The End.
 
The end is what separates great films from the rest of the crop. Pick your favourite film and fast forward it to the finish and you would agree too. It is ‘the end’ that makes or breaks a film. Today we live in an age where the last 20 minutes of the film do not necessarily have to make sense. The motive of filmmakers is to keep the audience interested only for about 50-70% of the film’s length, hoping that the laughs or chills or drama in the first hour will do more than enough to fill their pockets. And it works too. But it is when the first hour of the film is really good that it hurts my feelings. ‘Ek Thi Daayan’ is a film that does this very thing.
 
Director Kannan Iyer, creates a wonderful world of mystery and chills inside the old Mumbai flat where the young Bobo lives with his sister Misha and father, played charmingly by Pawan Malhotra. It is this part of the film that entertains the most. There are no creaking doors but the drama is created between a lift and our mind. Is that a lizard or is it something else? Does the lift work or not work? Is Diana (Konkona Sen Sharma) a Daayan or just a creepy step-mom? And of course the final question of is it all real or just the mind playing tricks?
 
Vishesh Tiwari and Sara Arjun give a performance that makes this film. As the Young Bobo and his little sister Misha, they are deliver like stars, making me question as to why filmmakers insist that children’s films don’t make for a good watch. If anything, given the right context they can add meat to the performance especially when supported by a cast which can provide them the necessary friction. There are many examples in Hindi films themselves, some of the most obvious ones being Masoom, Mr India and Zakhm.

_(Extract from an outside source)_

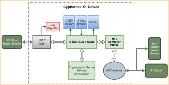 X1 Vault دارای یک صفحه نمایش OLED و یک جویاستیک ۵ جهته برای تعامل با کاربر است. برای کسانی که از نظر فنی تمایل بیشتری دارند، اسناد سایفر راک این دیدگاه را از عملکرد داخلی دستگاه به ما ارائه میدهند:

It is also here, in this part that we see Konkona Sen Sharma, finally give a performance worth raving after a long time. Sharma has long being doing part-percentage stereotyped roles in Bollywood, often oscillating between shy-intelligent woman and confident-intelligent woman roles, none of which actually use her acting prowess. Here, she plays a complicated role of a step-mother who is possibly a Daayan, something she does so brilliantly that I had visions of her scary eyes when I tried to sleep at night.
 
Of course, there is also Emraan Hashmi, Kalki Koechlin and Huma Qureshi in the film, mostly seen post interval. Hashmi is his usual self, delivering dialogues, romancing women and acting scared. He could very well have been in Razz 3, only in the company of a better cast. Despite him being the protagonist there is not enough meat in the role for him to do something outstanding with the character. The same is the case with Qureshi and Koechlin. They all are good but they don’t stand out. Rajatava Dutta as Dr. Ranjan Palit gives a few moments of entertainment as Bobo’s Psychiatrist.
 
The music by Vishal Bharadwaj, despite its merit, is a distraction in the film. The director Kannan Iyer has made an entertaining film with the story by Mukul Sharma and Vishal Bhardwaj but maybe the next time around he would want to create a product slightly more polished. As Bobo (Emraan Hashmi) steps out of the lift in the film’s climax, I could not ignore the creepy resemblance to ‘Rosemary’s Baby’. But the reason that it worked in Polanski’s classic was because the end did not last too long. Even if somewhat disappointing, it was kept short in the audience’s memory. But in Hindi horror cinema, somehow, filmmakers dwell on the crazy human vs Bhoot fight sequences for so long that the audience forgets everything good about the film by the last frame. The lady doth protest too much, youthinks? If I could only truly expect nothing from the filmmakers, I would have achieved Nirvana.